━━ Input data ━━
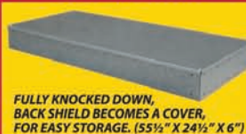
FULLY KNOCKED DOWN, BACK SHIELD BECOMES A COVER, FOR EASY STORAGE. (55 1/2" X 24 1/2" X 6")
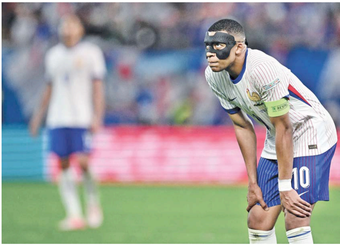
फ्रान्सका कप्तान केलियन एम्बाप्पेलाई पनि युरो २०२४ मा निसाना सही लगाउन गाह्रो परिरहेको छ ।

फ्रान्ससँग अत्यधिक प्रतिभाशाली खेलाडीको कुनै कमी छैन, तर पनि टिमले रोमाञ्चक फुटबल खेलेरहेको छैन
━━━
━━ Input data ━━
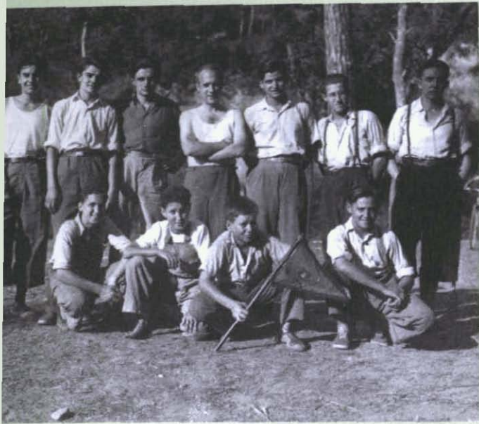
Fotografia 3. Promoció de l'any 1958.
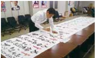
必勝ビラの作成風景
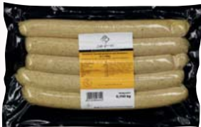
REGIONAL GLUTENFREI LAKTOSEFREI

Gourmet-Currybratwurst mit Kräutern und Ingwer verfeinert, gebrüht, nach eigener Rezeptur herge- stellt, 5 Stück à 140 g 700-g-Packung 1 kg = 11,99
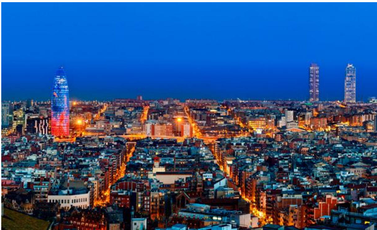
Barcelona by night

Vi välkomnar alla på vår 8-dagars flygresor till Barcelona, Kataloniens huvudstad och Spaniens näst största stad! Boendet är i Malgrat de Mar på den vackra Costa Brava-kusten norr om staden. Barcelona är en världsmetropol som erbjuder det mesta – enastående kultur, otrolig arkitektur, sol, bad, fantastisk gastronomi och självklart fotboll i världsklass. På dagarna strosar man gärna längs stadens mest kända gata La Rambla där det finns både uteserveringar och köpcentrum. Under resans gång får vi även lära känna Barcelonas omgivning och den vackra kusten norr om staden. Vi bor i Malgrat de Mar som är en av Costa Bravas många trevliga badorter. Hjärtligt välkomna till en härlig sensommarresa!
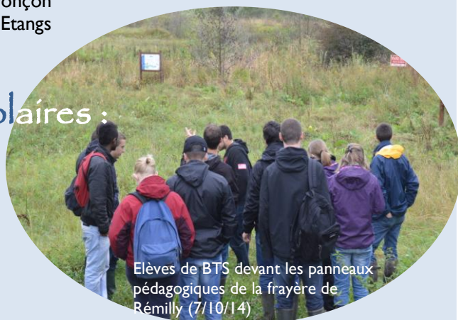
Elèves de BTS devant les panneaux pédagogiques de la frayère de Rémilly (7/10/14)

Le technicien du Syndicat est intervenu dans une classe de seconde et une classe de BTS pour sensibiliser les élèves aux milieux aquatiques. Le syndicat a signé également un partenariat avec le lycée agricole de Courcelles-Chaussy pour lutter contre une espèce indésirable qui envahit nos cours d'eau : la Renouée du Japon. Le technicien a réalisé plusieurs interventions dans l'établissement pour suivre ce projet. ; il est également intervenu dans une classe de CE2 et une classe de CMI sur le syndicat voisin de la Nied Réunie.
━━━
━━ Input data ━━
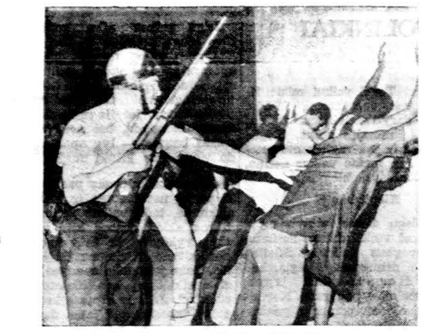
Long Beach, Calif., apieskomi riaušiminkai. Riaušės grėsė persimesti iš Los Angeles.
━━━
Your instructions:
For each line above that contains the word "Barcelona", copy that line.

Exercise answer:
Barcelona by night
Vi välkomnar alla på vår 8-dagars flygresor till Barcelona, Kataloniens huvudstad och Spaniens näst största stad! Boendet är i Malgrat de Mar på den vackra Costa Brava-kusten norr om staden. Barcelona är en världsmetropol som erbjuder det mesta – enastående kultur, otrolig arkitektur, sol, bad, fantastisk gastronomi och självklart fotboll i världsklass. På dagarna strosar man gärna längs stadens mest kända gata La Rambla där det finns både uteserveringar och köpcentrum. Under resans gång får vi även lära känna Barcelonas omgivning och den vackra kusten norr om staden. Vi bor i Malgrat de Mar som är en av Costa Bravas många trevliga badorter. Hjärtligt välkomna till en härlig sensommarresa!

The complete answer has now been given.